FIG. 1 is a principle diagram showing a principle of creating a stencil according to an embodiment of the present invention.

FIG. 2 is a schematic configuration diagram of an apparatus portion required for plate making work in the present embodiment.

FIG. 3 is a characteristic diagram showing printing characteristics when the pressure of the platen roll is changed in this embodiment.

FIG. 4 is a characteristic diagram showing printing characteristics when the plate making speed is changed in this embodiment.

FIG. 5 is a principle diagram showing a principle of printing with a stencil in the present embodiment.

FIG. 6 is a schematic configuration diagram of a plate-making / printing device shown as a specific example in the present embodiment.
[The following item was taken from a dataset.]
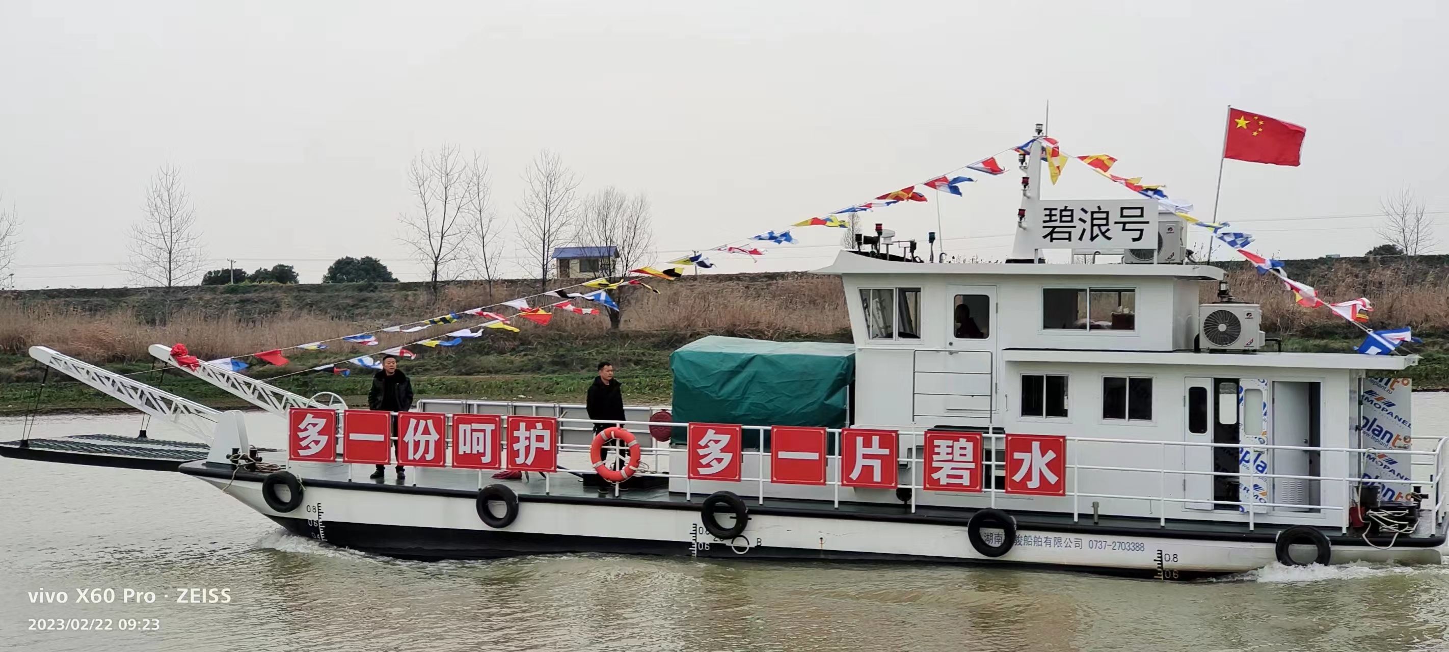 2023年2月22日9时18分,在“呜呜”的汽笛声中,耗资140余万元,由湖南万骏船泊有限公司打造的两艘河湖保洁船正驶离造船厂码头,交付河道湖泊管理站保洁办使用。这是沅江市人民政府对垸外河湖保洁经费投入加大的重要体现。

FIG. 7 is a block diagram showing a main part of a circuit configuration of the device of this embodiment.

FIG. 8 is a flowchart showing the operation of the apparatus of this embodiment.

FIG. 9 is a flowchart showing the operation of the heater and the like of the apparatus of this embodiment.
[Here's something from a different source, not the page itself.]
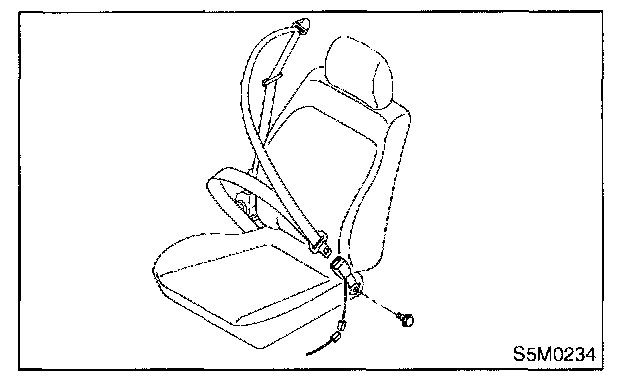 REMOVAL AND INSTALLATIONWARNING: Replace front seat belt worn by occupants of a vehicle that has been in a serious accident. The entire assembly should be replaced even if damage is not obvious.

FIG. 10 is a principle diagram showing a principle of perforation when heating is performed from the side of a conventional porous sheet.

FIG. 11 is a principle diagram showing the principle of perforation when heating is performed from the ink transfer sheet side in the related art.

[Explanation of symbols]

3 ... Thermal head, 11 ... Stencil base paper, 11A ...
Porous sheet, 11B ... Stretched thermoplastic resin film, 20 ... Stencil, 21 ... Plate cylinder, 22 ... Inking roll, 23
... printing paper, 25 ... ink, 26 ... heater.

Claims (1)

[Claims] 1. A stencil base paper is thermally perforated by a thermal head for plate making, and a stencil produced by the plate making means is supplied and wound around a plate cylinder, and a printing paper is wrapped around the wrapped stencil. Plate-making / printing characterized by comprising: a printing unit that superimposes a plurality of the printing units and supplies ink from an ink supply member in the plate cylinder to perform printing; and a heating unit that heats the ink supply member of the printing unit. apparatus.